Entries shown below:

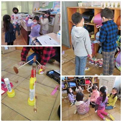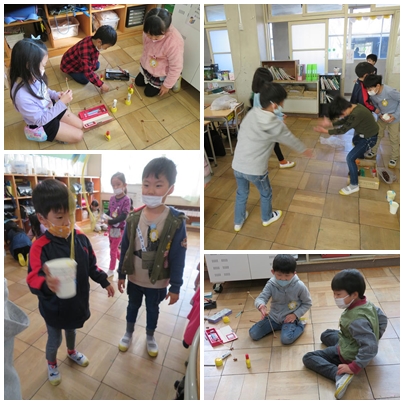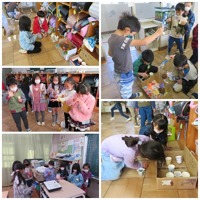 生活科で、秋のフェスティバルをしました。校外学習で拾ってきたドングリやマツボックリなどを使っておもちゃを作り、みんなと楽しく遊べるように、これまでに試行錯誤しておもちゃを工夫してきました。やじろべえがつり合うようにしたり、振るとひらひらと飾りが動くようにマラカスの飾りを工夫したりと、子どもたちなりに考えて工夫してきました。きょうは、それを使って、みんなで遊びました。みんなで話し合った遊びのルールやめあてをきちんと守り、音楽に合わせてマラカスを振ったり、まと入れの点を競い合ったりしながら、なかよく楽しく遊べました。材料の準備へのご協力ありがとうございました。
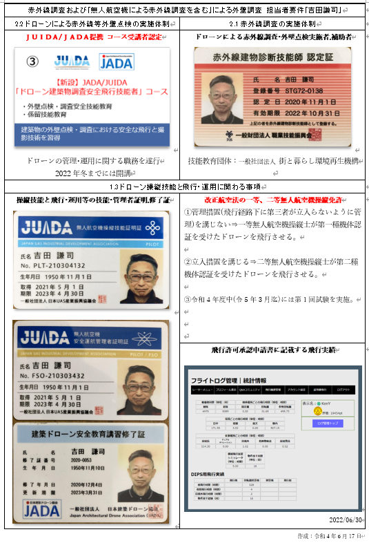 自己紹介書を添えましたのでご覧ください。以下の建築ドローン関係
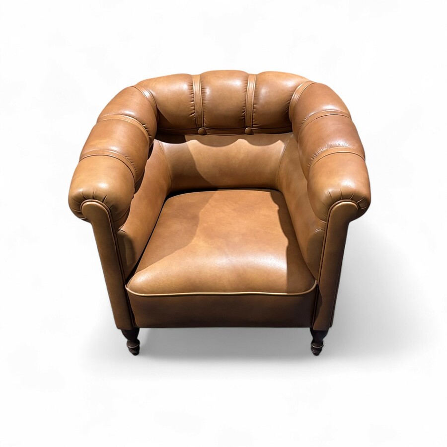 Een 20e eeuwse gecaptionneerde lederen clubfauteuil, Chesterton, op gedraaide houten pootjes.
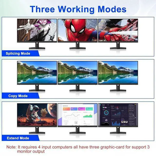 2. This 3 monitor KVM switch 4 ports does not mean that it can only be connected to 4 computers. You may only have 2 computers now, but you may need to use 3 or 4 computers in the future, then you can choose this switch. Please make sure each of your PC has the ability to support triple display before purchasing.
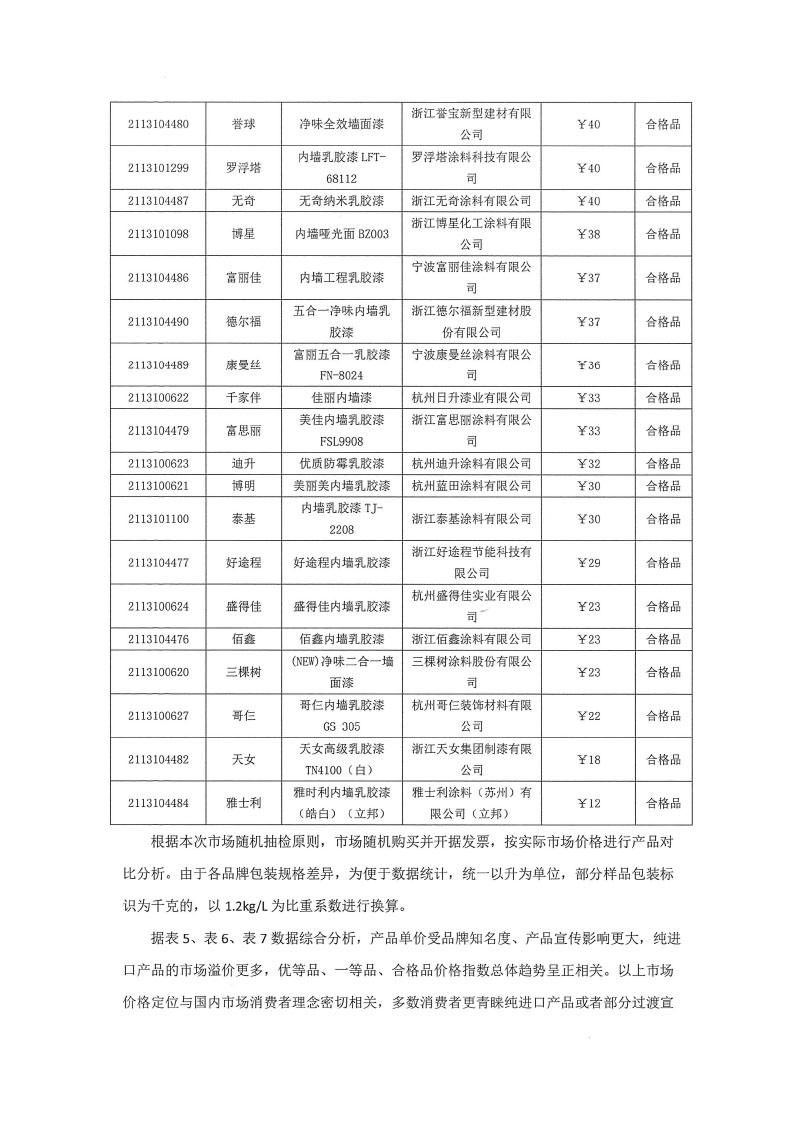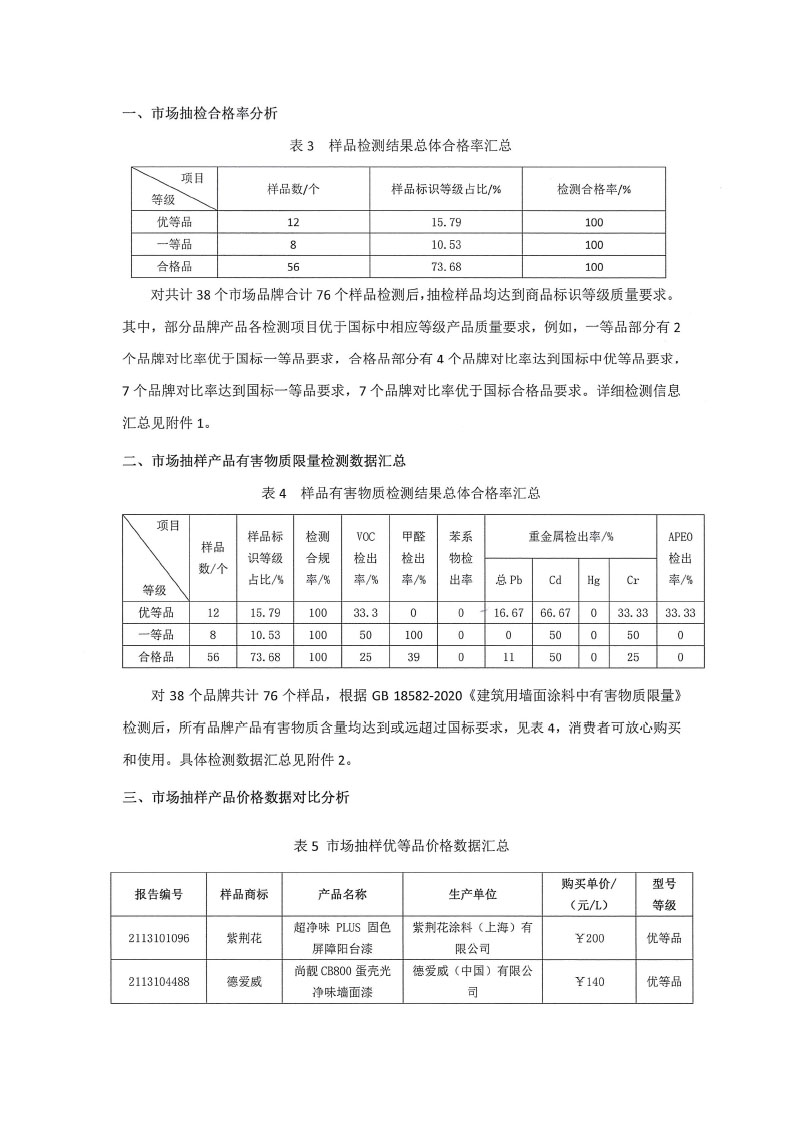 对38个品牌共计76个样品,根据GB 18582—2020《建筑用墙面涂料中有害物质限量》检测后,所有品牌产品有害物质含量均达到或远超过国标要求,见表4,消费者可放心购买和使用。具体检测数据汇总见附件2。

End of Entries shown.

Transcribe each line above exactly, pictures excluded.

**Expected answer:**
 生活科で、秋のフェスティバルをしました。校外学習で拾ってきたドングリやマツボックリなどを使っておもちゃを作り、みんなと楽しく遊べるように、これまでに試行錯誤しておもちゃを工夫してきました。やじろべえがつり合うようにしたり、振るとひらひらと飾りが動くようにマラカスの飾りを工夫したりと、子どもたちなりに考えて工夫してきました。きょうは、それを使って、みんなで遊びました。みんなで話し合った遊びのルールやめあてをきちんと守り、音楽に合わせてマラカスを振ったり、まと入れの点を競い合ったりしながら、なかよく楽しく遊べました。材料の準備へのご協力ありがとうございました。
 自己紹介書を添えましたのでご覧ください。以下の建築ドローン関係
 Een 20e eeuwse gecaptionneerde lederen clubfauteuil, Chesterton, op gedraaide houten pootjes.
 2. This 3 monitor KVM switch 4 ports does not mean that it can only be connected to 4 computers. You may only have 2 computers now, but you may need to use 3 or 4 computers in the future, then you can choose this switch. Please make sure each of your PC has the ability to support triple display before purchasing.
 对38个品牌共计76个样品,根据GB 18582—2020《建筑用墙面涂料中有害物质限量》检测后,所有品牌产品有害物质含量均达到或远超过国标要求,见表4,消费者可放心购买和使用。具体检测数据汇总见附件2。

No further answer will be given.